I am a beginner, so take this with a grain of salt. 

I don't think so. You should try and get a burr on each grit. The burr should be smaller the higher grit you go. You likely rounded the edge. 

Make sure you use the same angle as the earlier stone.


----------



## brianleepy (Jul 17, 2014)

rami_m said:


> I am a beginner, so take this with a grain of salt.
> 
> I don't think so. You should try and get a burr on each grit. The burr should be smaller the higher grit you go. You likely rounded the edge.
> 
> Make sure you use the same angle as the earlier stone.



That's what I thought at first. But it cuts paper/magazine/receipt paper cleanly. I don't think a rounded edge could cut paper...or could it?!??


----------



## rami_m (Jul 17, 2014)

Well I think it can. You don't remove a lot of steel at 4k, do you. People advised me to get a burr at that grit. 

The grain of salt rule still applies. Give it a shot


----------



## Chuckles (Jul 17, 2014)

How does it perform cutting food?

Does it skate on tomatoes?


----------



## brianleepy (Jul 17, 2014)

Chuckles said:


> How does it perform cutting food?
> 
> Does it skate on tomatoes?



Sadly no tomatoes in da house...

I tried the plastic pen test with a sharpie just now. It stuck at about the degree i sharpened it on.


----------



## JBroida (Jul 17, 2014)

probably not over polished... more likely rounded over or inconsistent angle of sharpening


----------



## Ruso (Jul 17, 2014)

Sometimes I wonder the same, but I usually come to the conclusion that it's not. Something went wrong on 4K stone. Also I would not stress myself on getting feelable burr on 4K. The idea is remove/minimize it, not creating it again. 
It will depend on the steel as well, but I believe carbonext alloy should be able to hold 4K easy (no personal experience with it though). And, what Chuckles says.
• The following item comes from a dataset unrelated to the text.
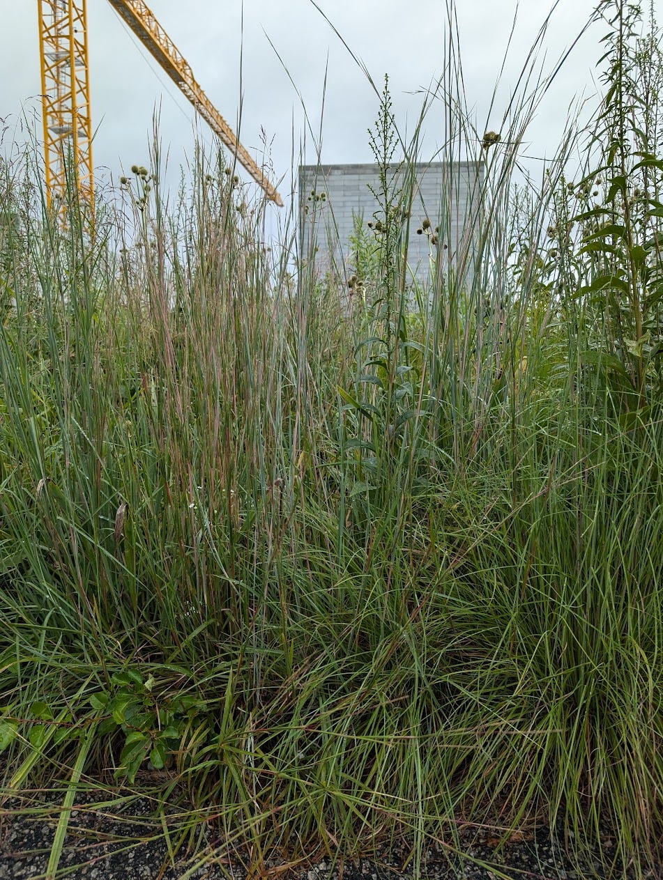 Panic Grass or Switch Grass is one of the tallest plants in the meadow. Unlike Purpletop and the Bluestems, Panicum virgatum was not part of the seeded meadow mix used on Glenstone because of how dominant it can be. It is a native plant, and is one of the "big four" of American praries and grasslands (Big Bluestem, Little Bluestem, Switchgrass, and Sorghastrum nutans). Because it has seeded itself naturally, you'll find clumps throughout the meadow but it has not overtaken the seeded meadow mix. My favorite view of Panicum is looking out of room 2 in autumn. By this time the grass has turned a tannish-golden color and catches the afternoon light as if someone has painted highlights on each individual leaf.

If it cuts food the way you like = good job on stones.


----------



## brianleepy (Jul 17, 2014)

So...it's actually possible to round an edge and still cut receipt paper with the knife?

This is what's bugging me. I read that a rounded edge will never cut receipt paper let alone cleanly cut it.


----------



## JBroida (Jul 17, 2014)

yeah... its also possible to have a huge burr and cut paper and/or shave


----------



## brianleepy (Jul 17, 2014)

JBroida said:


> yeah... its also possible to have a huge burr and cut paper and/or shave



Well looks like it's back to the stones..

Thank you so much
Have a nice day/night


----------



## rami_m (Jul 17, 2014)

Tell us how you went.


----------



## James (Jul 17, 2014)

sounds like edge rounding


----------



## osakajoe (Jul 17, 2014)

James said:


> sounds like edge rounding



+ 1


----------



## rami_m (Jul 17, 2014)

Ruso said:


> Sometimes I wonder the same, but I usually come to the conclusion that it's not. Something went wrong on 4K stone. Also I would not stress myself on getting feelable burr on 4K. The idea is remove/minimize it, not creating it again.
> It will depend on the steel as well, but I believe carbonext alloy should be able to hold 4K easy (no personal experience with it though). And, what Chuckles says. If it cuts food the way you like = good job on stones.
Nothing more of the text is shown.